## What the exercise asks
Every line from the line containing "Caysie Halter Floral" through the end of the data is to be reproduced exactly, excluding pictures.

## Data excerpts
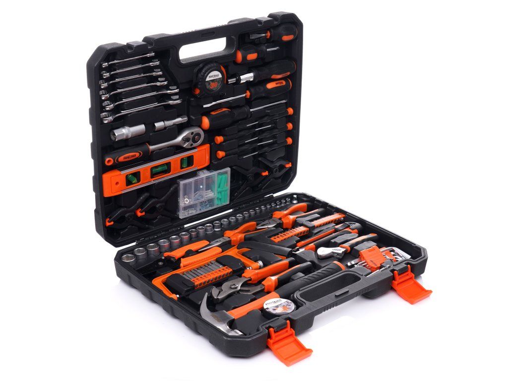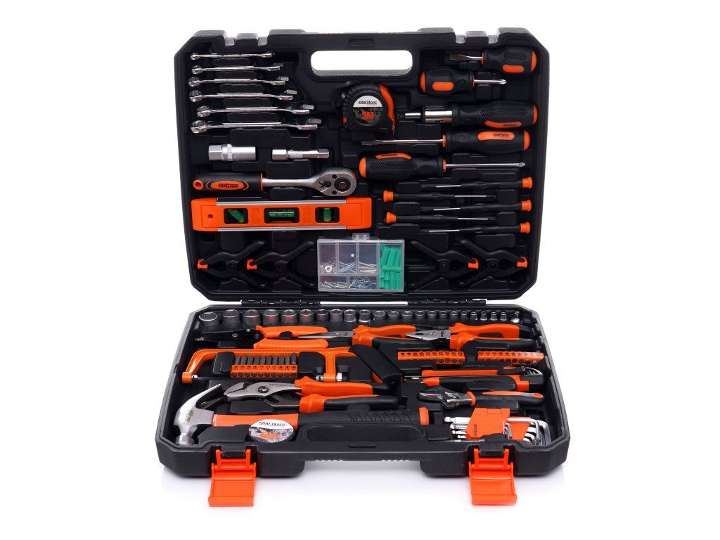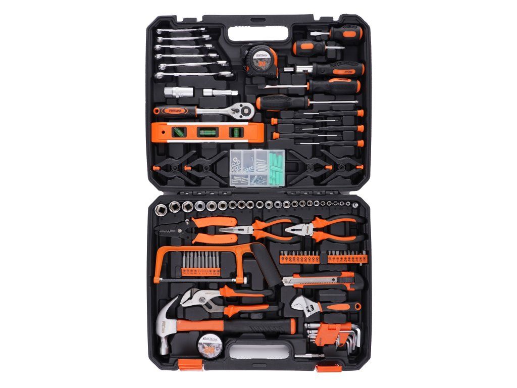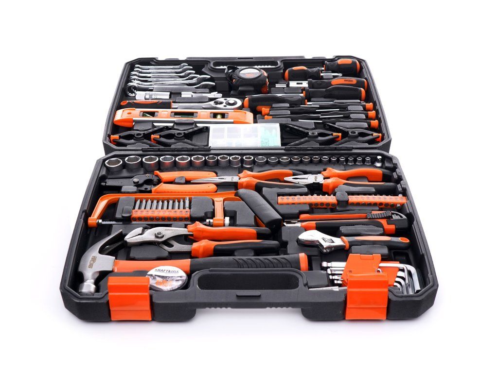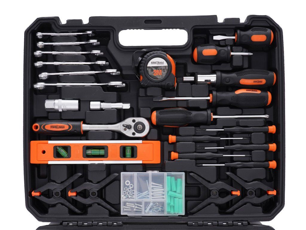 Extrémně rozsáhlá sada nářadí Kraft&Dele se symbolem KD10837. Nářadí se vyznačuje solidním zpracováním, odolnými materiály a šikovným kufrem, ve kterém má každé nářadí své místo. Celá sada se skládá ze 168 různých prvků, které zajistí správný výběr nářadí pro vaše potřeby. Nástroje jsou vyrobeny z kalené chrom-vanadiové oceli (CrV) určené pro dílenské nářadí. Chrom zaručuje odolnost oceli vůči korozi, oxidaci, otěru a vysokou odolnost vůči vysokým teplotám. Přídavek vanadu inhibuje růst zrn během zpracování a zároveň zvyšuje tažnost kalené i temperované formy. Kufr vyrobený z odolného plastu vám umožní mít věci uspořádané a snadno přenášet své nářadí. Každý nástroj má své určené místo, kde snadno najdete požadovanou velikost klíče.
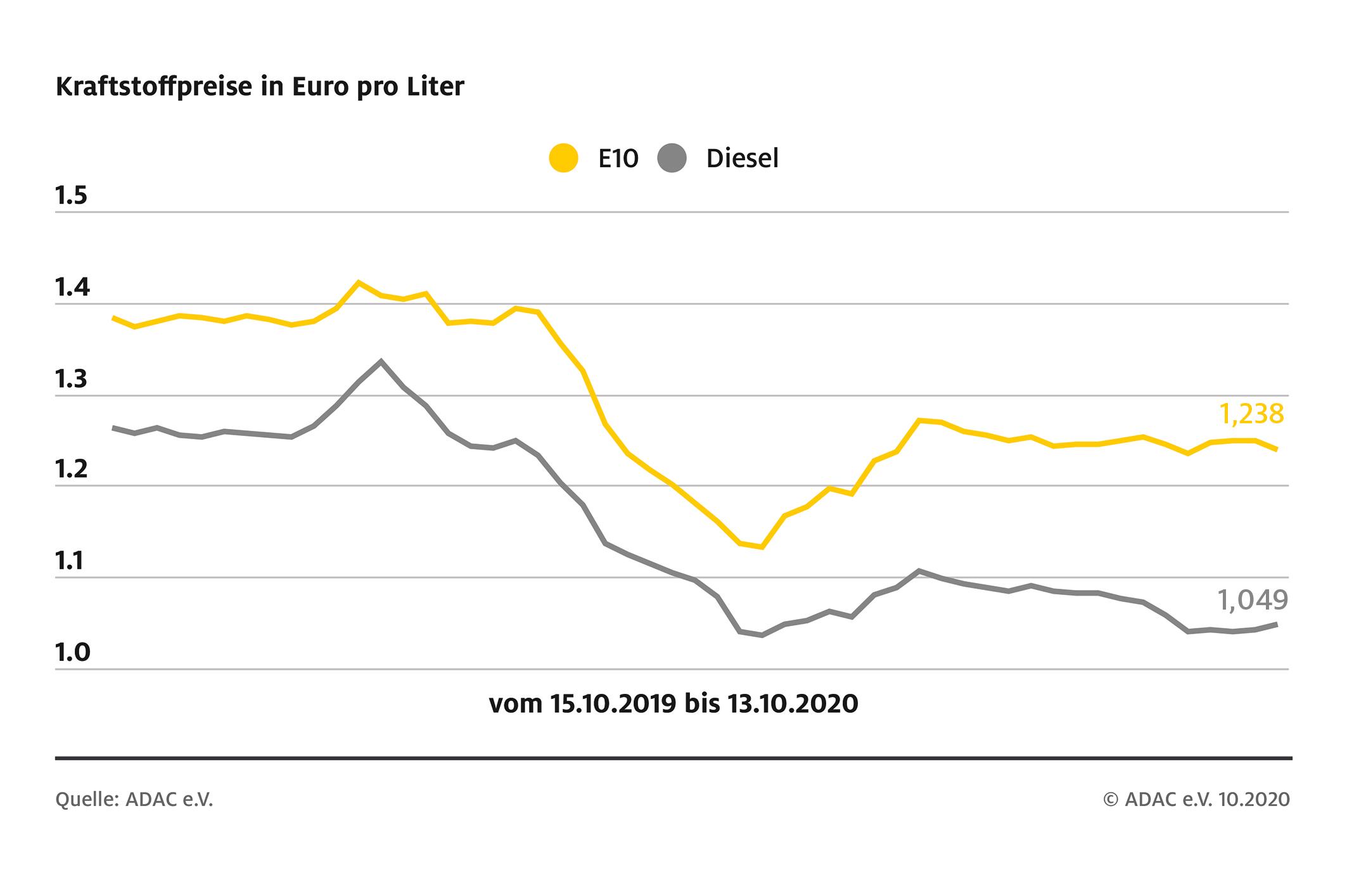 In die entgegengesetzte Richtung hat sich der Dieselpreis entwickelt. So kostet ein Liter Diesel zurzeit im Mittel 1,049 Euro, das ist ein Anstieg von 0,7 Cent gegenüber der Vorwoche. Die leichte Verteuerung bei Diesel ist laut ADAC durch die etwas stärkere Heizölnachfrage bedingt, die regelmäßig im Herbst einsetzt. Die Preisdifferenz zwischen beiden Kraftstoffsorten wird mit der aktuellen Entwicklung spürbar geringer. Sie beträgt derzeit 18,9 Cent je Liter, während sie vor einer Woche noch bei 20,6 Cent lag.
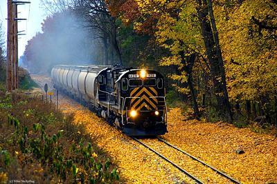 Livonia, Avon, & Lakeville C425 puzzle, based on an original photo by Mike Stellpflug (photo copyright Mike Stellpflug -- used with permission). Photographed at Rush, New York, November 12, 2018.
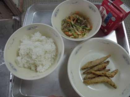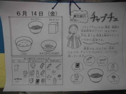今日の給食の献立は,「チャプチェ」「わかさぎのからあげ」「ごはん」「ぎゅうにゅう」でした。チャプチェとは韓国・朝鮮の家庭料理の一つで,つるりとした食感があり,春雨が野菜と肉の旨みをたっぷり吸って,とてもおいしく感じました。
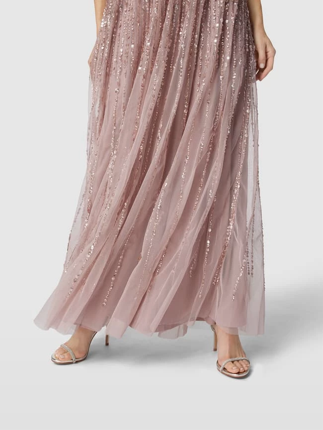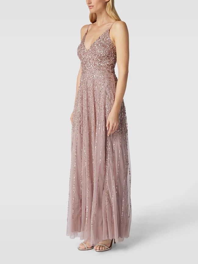 Das Abendkleid von Lace & Beads ist aus strapazierfähigem Material gefertigt und tailliert geschnitten. Es kommt mit Zierbesatz, Spaghettiträgern und V-Ausschnitt sowie ausgestellter Rockpartie.
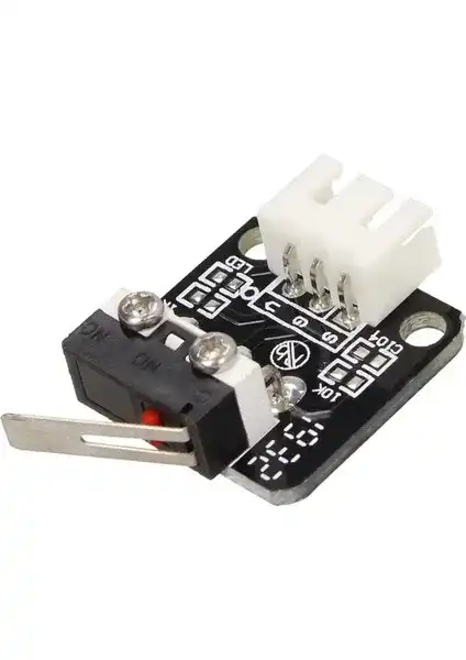 Ender 3 Endstop, Creality Ender 3, Pro ve V2 modelleri başta olmak üzere çoğu FDM yazıcıyla tam uyumlu, kritik öneme sahip bir limit switch ünitesidir. Yazıcınızın X, Y veya Z eksenlerindeki hareket sınırlarını belirleyen bu sensör, kafa grubunun veya tablanın başlangıç (home) pozisyonuna milimetrik doğrulukla yerleşmesini sağlar.
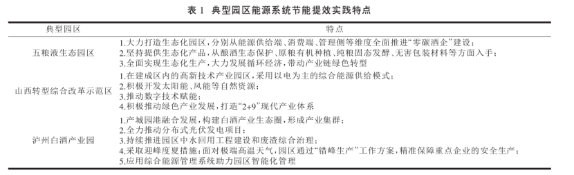 園區在推動我國實體經濟發展和城鎮化發展中發揮了關鍵作用,是支撐制造強國戰略的主戰場。有研究表明,園區二氧化碳排放量約占全國總排放量的31%[4],園區是資源能源消耗最集中的地方。現階段,為了節約能源,保護環境,我國各級園區都在持續推動綠色低碳發展。田金平等研究指出我國工業園區節能提效實踐創新主要體現在以下5個方面: ①聚焦重點領域,全過程系統性推進節能工作。②集中式能源基礎設施升級改造,多樣化開發利用余熱、 余壓和能量多級利用。③積極利用可再生能源,推進能源結構轉型升級。④積極開展智慧能源探索,實現能源全過程精細化管理。⑤建立健全能源管理體系。表1為典型園區能源系統節能提效實踐特點。
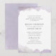 An elegant wedding invitation design featuring a light purple watercolor painted border on a white background designed by Shelby Allison.
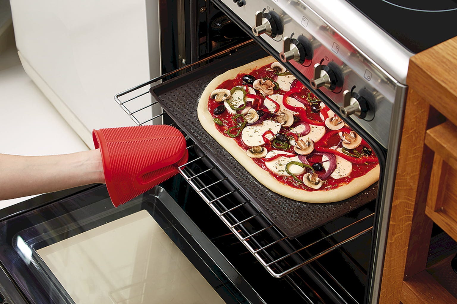 Ennek a speciális formának a titka a mikroperforált felületében rejlik. Ezek az okos kis lyukak a kulcsai a különösen ropogós tésztának: sütés közben lehetővé teszik a forró levegő optimális keringését, és a felesleges nedvesség távozását a tésztából. Az eredmény egy mindenhol egyenletesen átsült alj, amely csodálatosan ropogós lesz, és nem ázik el.
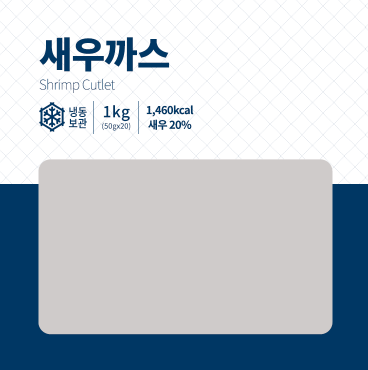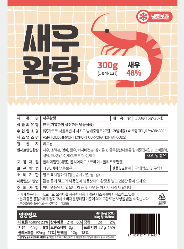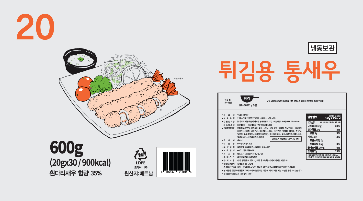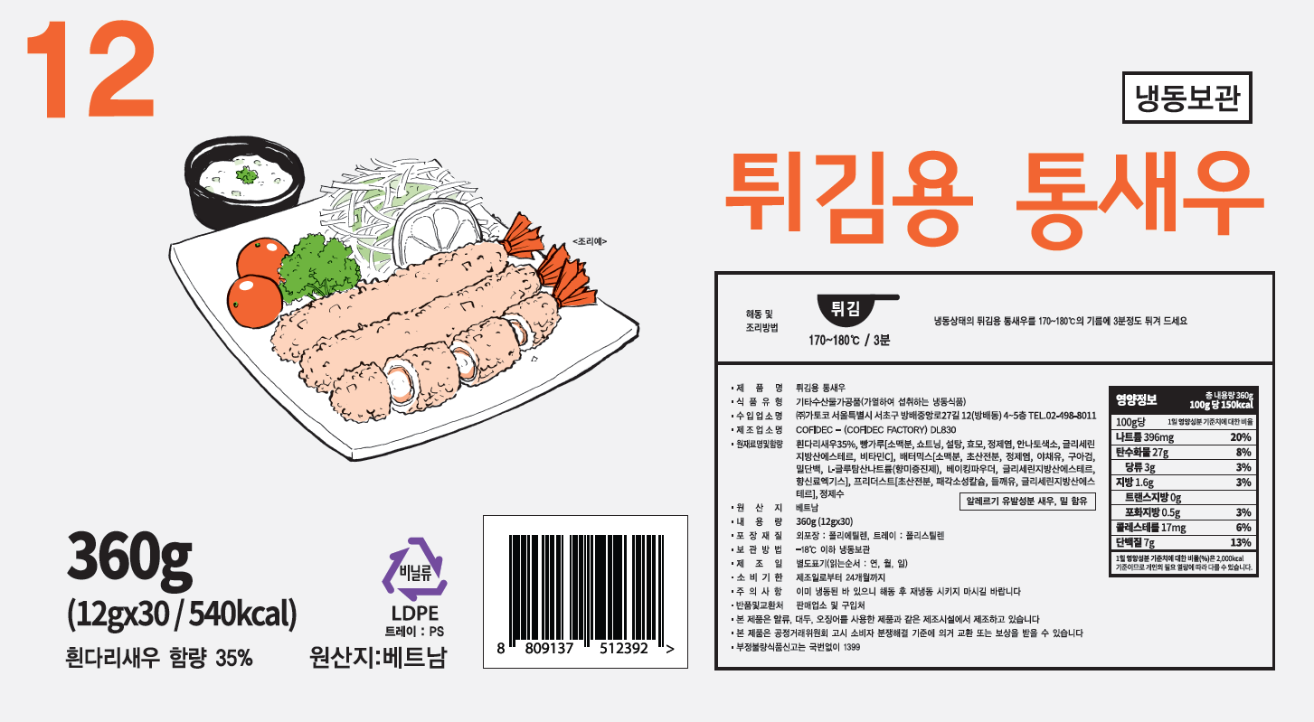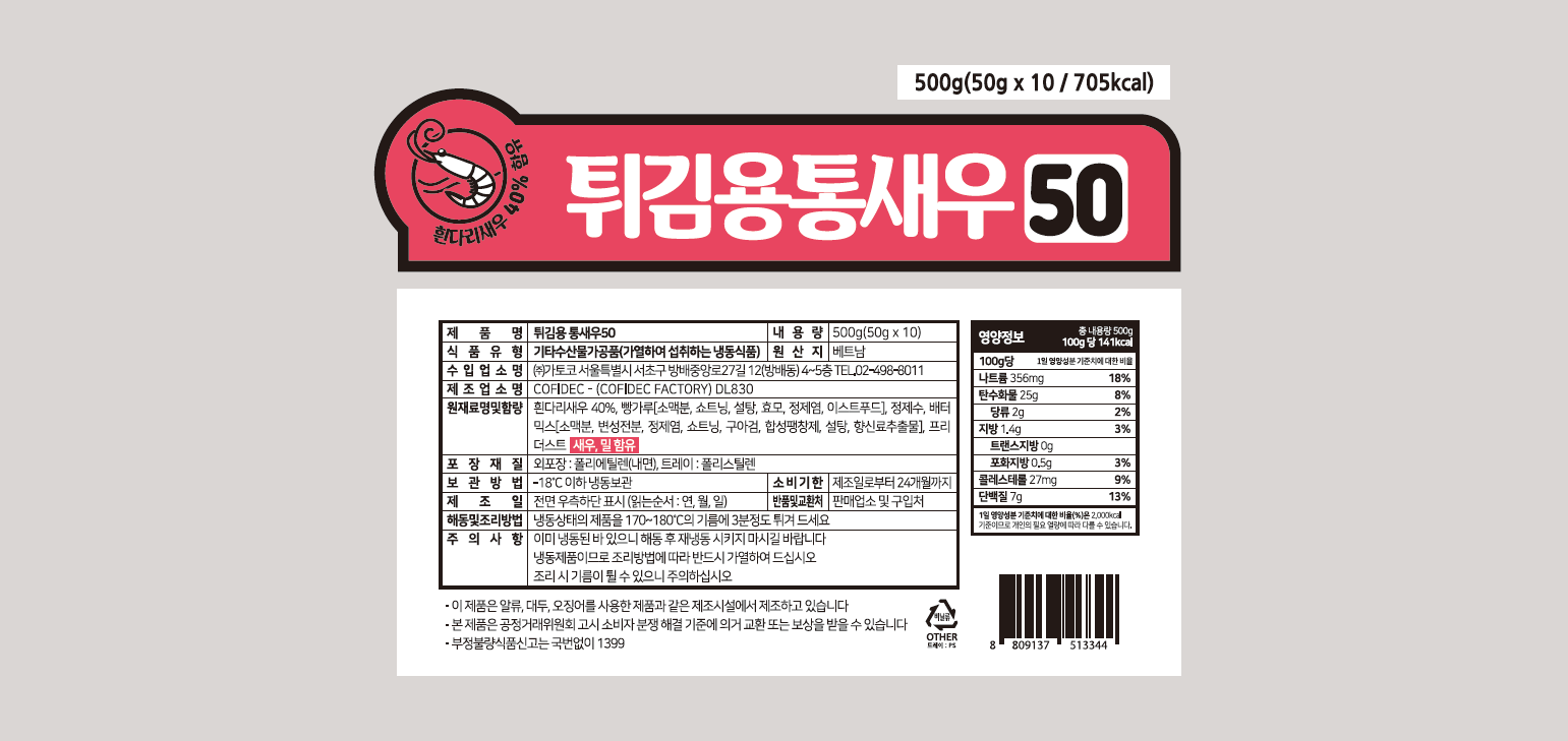 성분 : 얼룩새우 50%, 노란빵가루[소맥분, 쇼트닝, 효모, 정제염, 안나토색소, 설탕, 빵개량제], 흰빵가루[소맥분, 쇼트닝, 효모, 정제염, 설탕, 빵개량제], 정제수, 프리더스트[인산이전분,
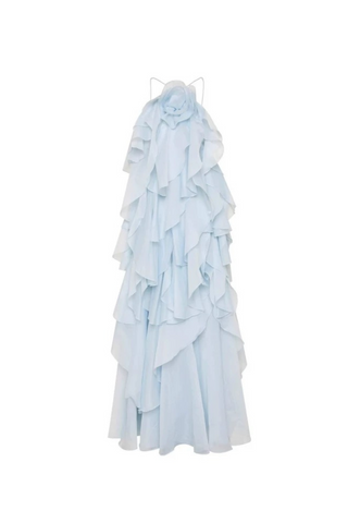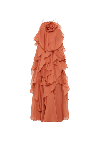 Caysie Halter Floral Ruffle Layered Maxi Dress in Orange
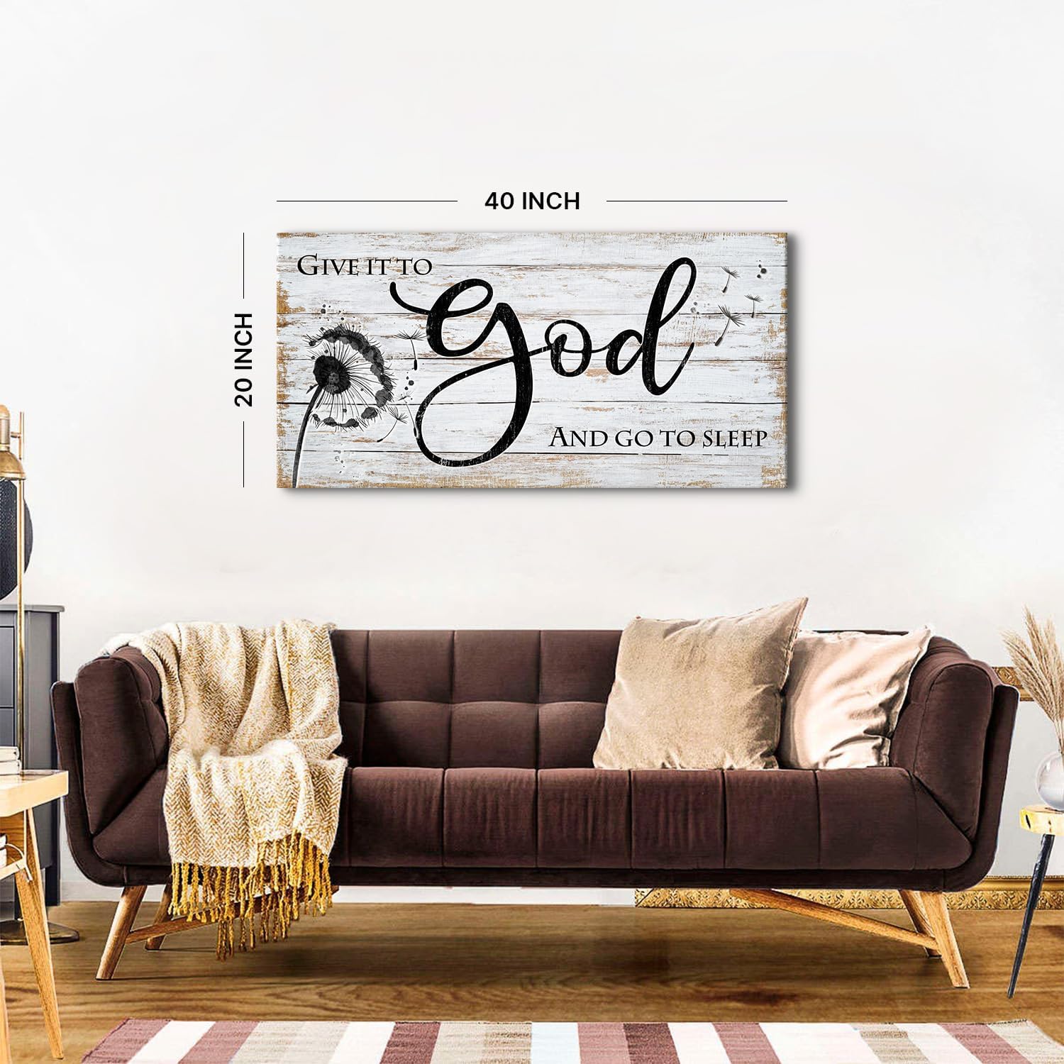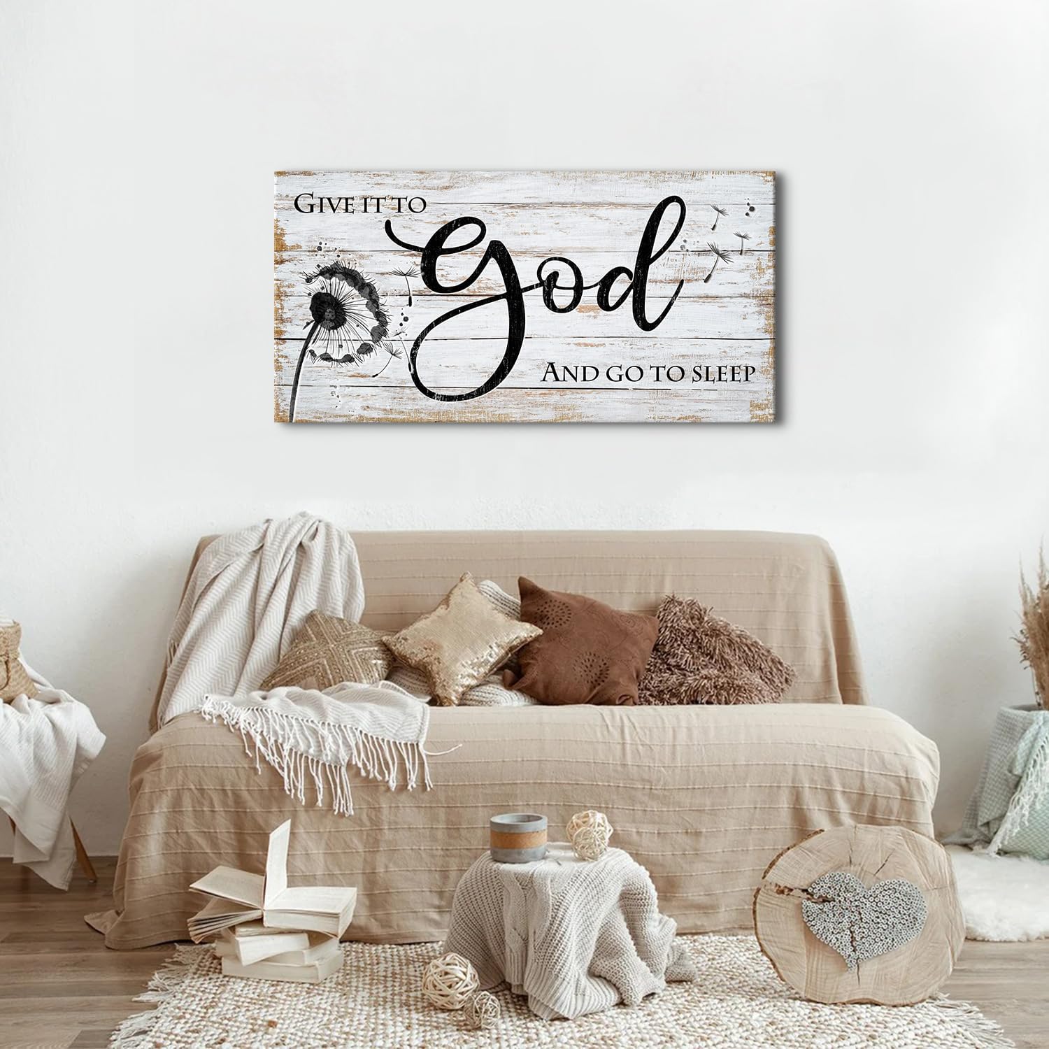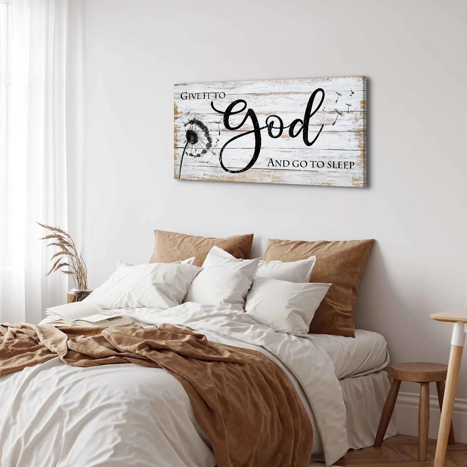 AIYISU Christian Bible Verses Wall Art Rustic Wall Decor for Bedroom Living Room Dandelion Pictures Give It To God and Go To Sleep Sign Canvas Painting Religious Poster Artwork Home Decorations 20×40

## Result of this exercise
 Caysie Halter Floral Ruffle Layered Maxi Dress in Orange
 AIYISU Christian Bible Verses Wall Art Rustic Wall Decor for Bedroom Living Room Dandelion Pictures Give It To God and Go To Sleep Sign Canvas Painting Religious Poster Artwork Home Decorations 20×40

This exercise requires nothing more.